◆ TASK INSTRUCTIONS:
Below is a listing with pictures in it; transcribe exactly the lines from the one that has "Listing includes 4" through the one that has "1月4日,双峰县井字镇花桥小", and omit those pictures.

◆ TASK MATERIAL:
──────────────────────────────
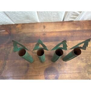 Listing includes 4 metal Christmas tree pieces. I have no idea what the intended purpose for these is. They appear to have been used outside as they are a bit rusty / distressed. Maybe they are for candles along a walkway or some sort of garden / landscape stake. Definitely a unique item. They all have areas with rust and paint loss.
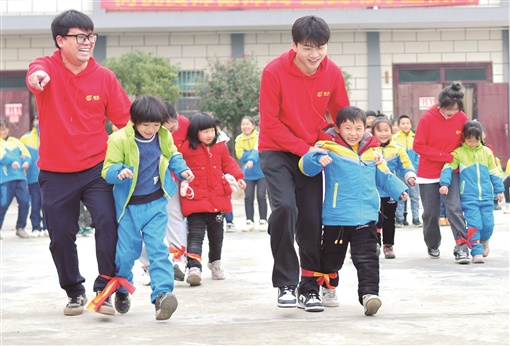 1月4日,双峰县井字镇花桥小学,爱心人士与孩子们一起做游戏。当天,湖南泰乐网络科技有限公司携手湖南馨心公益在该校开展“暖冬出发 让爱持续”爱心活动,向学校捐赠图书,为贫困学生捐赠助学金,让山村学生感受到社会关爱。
──────────────────────────────
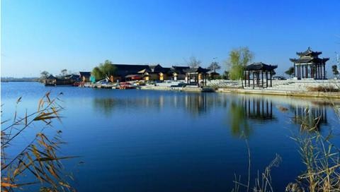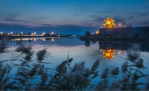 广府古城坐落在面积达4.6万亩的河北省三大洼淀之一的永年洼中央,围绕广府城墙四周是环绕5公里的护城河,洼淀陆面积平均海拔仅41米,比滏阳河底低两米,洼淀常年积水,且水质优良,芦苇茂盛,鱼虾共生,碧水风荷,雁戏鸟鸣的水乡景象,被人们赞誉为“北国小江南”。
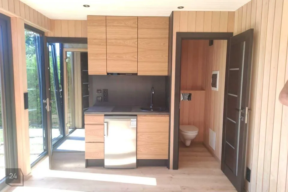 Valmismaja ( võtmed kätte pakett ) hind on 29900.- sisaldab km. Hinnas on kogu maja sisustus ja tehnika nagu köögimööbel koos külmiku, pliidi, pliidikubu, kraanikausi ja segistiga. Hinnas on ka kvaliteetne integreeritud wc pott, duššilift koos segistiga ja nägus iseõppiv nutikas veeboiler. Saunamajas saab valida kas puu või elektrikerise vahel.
──────────────────────────────
◆ SOLUTION TO THE PROBLEM:
 Listing includes 4 metal Christmas tree pieces. I have no idea what the intended purpose for these is. They appear to have been used outside as they are a bit rusty / distressed. Maybe they are for candles along a walkway or some sort of garden / landscape stake. Definitely a unique item. They all have areas with rust and paint loss.
 1月4日,双峰县井字镇花桥小学,爱心人士与孩子们一起做游戏。当天,湖南泰乐网络科技有限公司携手湖南馨心公益在该校开展“暖冬出发 让爱持续”爱心活动,向学校捐赠图书,为贫困学生捐赠助学金,让山村学生感受到社会关爱。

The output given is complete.